Why LangGraph owns the tool loop
LangGraph's create_agent gives you:
- Auto-generated system prompts that include tool schemas
- Structured tool-call emission (no "parse the model's text to extract tool intent")
- Middleware hooks (before_model, after_model, before_tool, after_tool) for tracing, auditing, knowledge injection
- Subagent delegation via the
tasktool, inheriting the parent's context
The template's middleware chain (_build_middleware in graph/agent.py) is ordered:
- KnowledgeMiddleware (optional) — injects retrieved context before each LLM call; also loads prior session summaries from
/sandbox/memory/as a<prior_sessions>block - AuditMiddleware — records every tool call to JSONL + Langfuse
- MemoryMiddleware (optional) — persists session summaries to
/sandbox/memory/on session end - MessageCaptureMiddleware — captures
message()tool calls for later retrieval
Middleware order matters. Knowledge must run before audit (so the injected context is captured). Message capture runs last so every upstream transformation is already applied.
Session memory
Memory is enabled by default (middleware.memory: true in langgraph-config.yaml). At session end MemoryMiddleware writes a JSON summary to /sandbox/memory/. On the next session, KnowledgeMiddleware.load_memory() reads the 10 most recent summaries and injects them as a <prior_sessions> XML block into the system prompt context, giving the agent continuity across restarts without any external store.

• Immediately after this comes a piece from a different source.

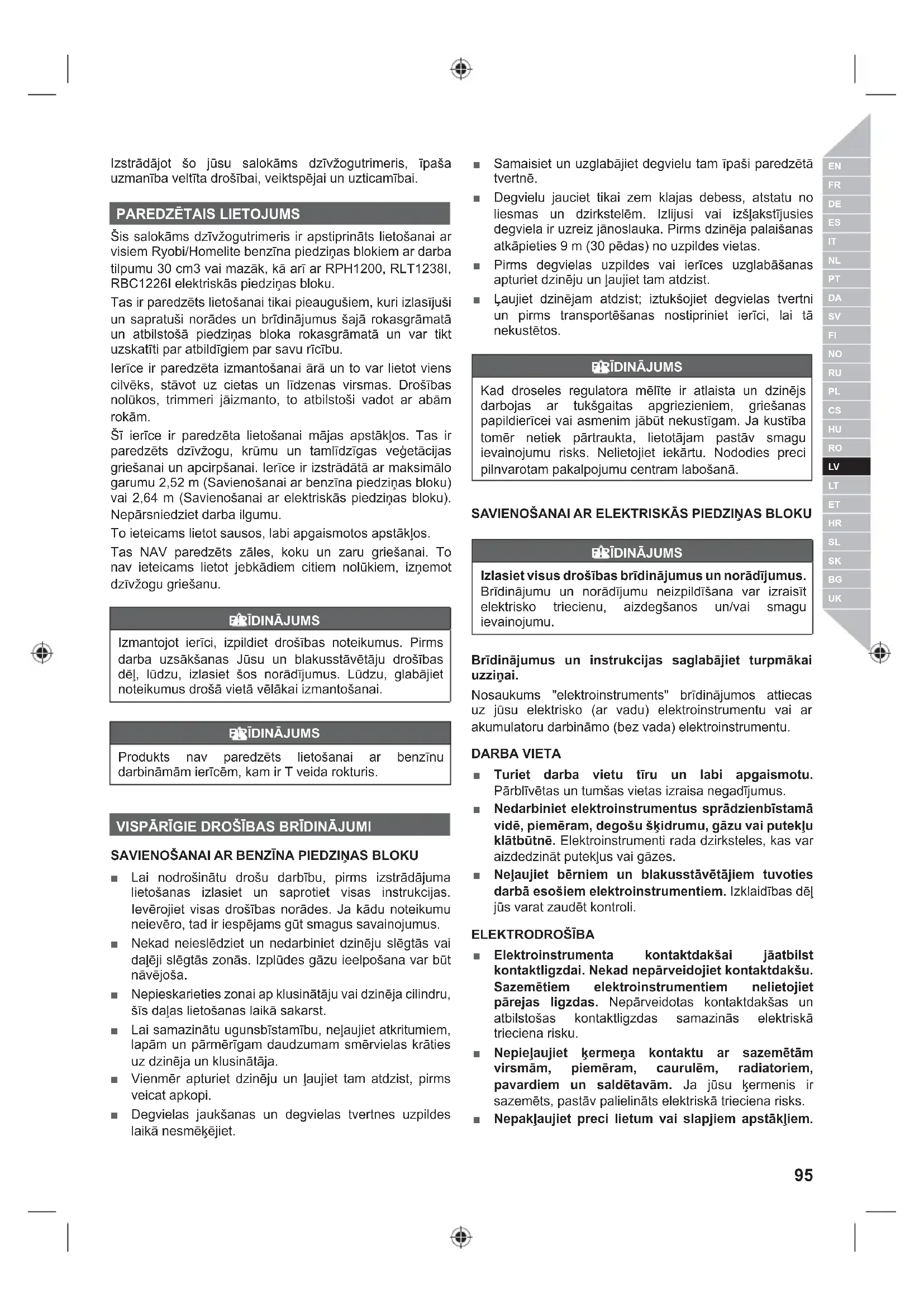vai saites, kas var lidot vai sapīties griešanas brīdī. ■ Pārbaudiet, vai žogā nav priekšmeti, piemēram, žoga stieples. ■ Uzmanieties no krītošām lietām; raugieties, lai tuvāk stāvošie - bērni, un dzīvnieki atrodas vismaz 15 m no jūsu darbošanās vietas. Ja kāds ienāk zonā, apturiet preci. ■ Bieži pārbaudiet, vai dzīvžogā vai krūmā vai arī aiz tā, kurus jūs vēlaties zāģēt, neatrodas cilvēki vai dzīvnieki. ■ Nelietojiet sliktā apgaismojumā. Lietotājam jābūt pilnai redzamībai pār darba zonu, lai spētu identificēt iespējamus draudus. ■ Pirms katras lietošanas reizes pārliecinieties, ka visas kontroles un drošības sistēmas ir darba kārtībā. Neizmantojiet ierīci, ja izslēgšanas slēdzis neapstādina motoru. ■ Pirms lietošanas pārbaudiet ražojumu. Pārbaudiet, vai stiprinājumi nav vaļīgi. Pārbaudiet, vai visi aizsargi un rokturi ir pareizi un stingri piestiprināti. Pirms lietošanas nomainiet visas bojātās detaļas. ■ Nekādi nepārveidojiet ierīci. ■ Neļaujiet bērniem vai personām bez apmācības izmantot šo ražojumu. ■ Darbinot preci, valkājiet pilnus acu un ausu aizsargus. Ja strādājat zonā, kur pastāv krītošu priekšmetu risks, jāvalkā galvas aizsargs. ■ Velciet izturīgas garās bikses, zābakus un cimdus. Nevelciet platu un vaļīgu apģērbu, īsās bikses, jebkādas rotaslietas un nelietojiet bez apaviem. ■ Nostipriniet garus matus tā, lai tie ir virs plecu līmeņa, lai novērstu sapīšanos kustīgajās daļās. ■ Dzirdes aizsargu lietošana mazinās jūsu spēju dzirdēt brīdinājumus (bļāvienus vai skaņas signālus). Operatoram jāpievērš sevišķa uzmanība tam, kas notiek darba zonā. ■ Līdzīgas ierīces izmantošana tuvumā palielina gan risku sabojāt dzirdi, gan iespēju, ka otrs cilvēks ieies jūsu darba zonā. ■ Nedarbiniet šo ierīci, kad esat noguris, slims vai alkohola, narkotisko vielu vai medikamentu ietekmē. ■ Visada tvirtai stovėkite ir išlaikykite pusiausvyrą. Nepersitempkite. Stiepšanās var radīt līdzsvara zudumu un var novest pie nopietnas traumas. ■ Turiet visas ķermeņa daļas tālu no visām kustīgajām detaļām. ■ Pirms iekārtas ieslēgšanas pārliecinieties, vai asmeņi ar neko nesaskarsies. ■ Nelietojiet ierīci apstākļos, kur tā var uzsprāgt. ■ Lietojot dzīvžoga trimmeri to jātur stingri ar abām rokām aiz abiem rokturiem, un jāpārliecinās par darba vietas drošību. Ražotājs neiesaka lietot iekārtu uz pakāpieniem vai trepēm. ■ Izmantojiet drošības jostas, ja tās nāk komplektā jūsu dzīvžoga apgriezēju. Tas arī palīdzēs noturēt ierīces svaru tās izmantošanas laikā un arī palīdzēs pārvietoties griešanas laikā. Uzmanīgi uzstādiet drošības jostas, lai tās jums būtu ērtas. ■ Identificējiet ātrās atbrīvošanas mehānismu un iemācieties to lietot pirms jūs esat sācis lietot šo ierīci. Šī mehānisma pareiza izmantošana var pasargāt jūs no ievainojumiem ārkārtas gadījumos. Nekad nevelciet citu apģērbu virs turētāja vai jebkādā citā veidā apgrūtiniet piekļuvi ātrās atlaišanas mehānismam. ■ Lai aizsargātu sevi no nāvējoša elektrošoka, nestrādājiet tuvāk par 10 m no, virs galvas esošiem elektrības vadiem. ■ Nekad neizmantojiet dzīvžogu trimmeri elektrības vadu, žogu, stāvkoku, ēku vai kādu citu nekustīgu objektu tuvumā. ■ Asmeņi ir asi. Uzstādot asmeni, izmantojiet neslīdošus tam paredzētus aizsargcimdus. Neievietojiet roku vai pirkstus starp asmeņiem vai jebkurā citā vietā, kur tos var saspiest vai nogriezt. ■ Izslēdziet iekārtu, atvienojiet to no strāvas padeves un pārliecinieties, vai visas kustīgās daļas ir pilnībā apstājušās: ● griešanas ierīces darba pozīcijas regulēšana ● nosprostojumu tīrīšana vai aizvākšana ● izstrādājuma atstāšana bez uzraudzības ● ierīces pārbaudīšana, apkope vai darbināšana. ■ Neizmantojiet dzīvžogu trimmeri biezu krūmāju apgriešanai. Tas var izraisīt asmeņu darbības palēnināšanos un iesprūšanu. Ja asmeņu kustības ātrums samazinās, palēniniet gaitu. ■ Nemēģiniet apgriezt stublājus vai zarus, kuru biezums pārsniedz 28 mm, jo tie acīmredzami ir pārāk lieli griezējasmenim. Izmantojiet neelektrisko rokas zāģi vai dārznieka zāģīti, lai apgrieztu lielus stublājus. ■ Nedarbiniet ierīci, ja griezējs ir bojāts vai pārmērīgi nodilis.

Token budget: the prior-sessions block is capped at 2 000 tokens (character approximation: chars ÷ 4). Oldest sessions are dropped first when the budget is exceeded.

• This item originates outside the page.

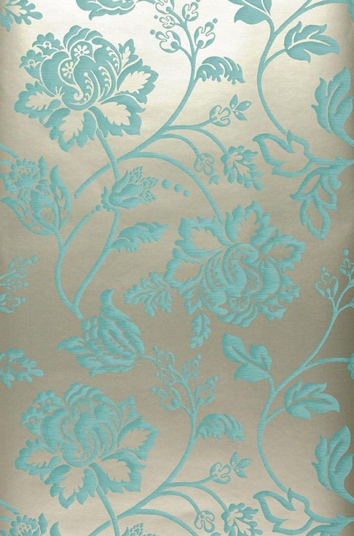 Description: A blue and silver wallpaper with a flower pattern on it's side of it's wall.

Disabling memory: set middleware.memory: false in your fork's config, or set PROTOAGENT_DISABLE_MEMORY=1 in the environment to suppress disk writes without changing the config.
Persistence across container restarts: mount a volume at /sandbox/memory/. Without a volume the directory is ephemeral and summaries are lost on container stop.
Security
Three independent layers defend the A2A surface. Each can be enabled or left open for local dev, but production forks should enable all three.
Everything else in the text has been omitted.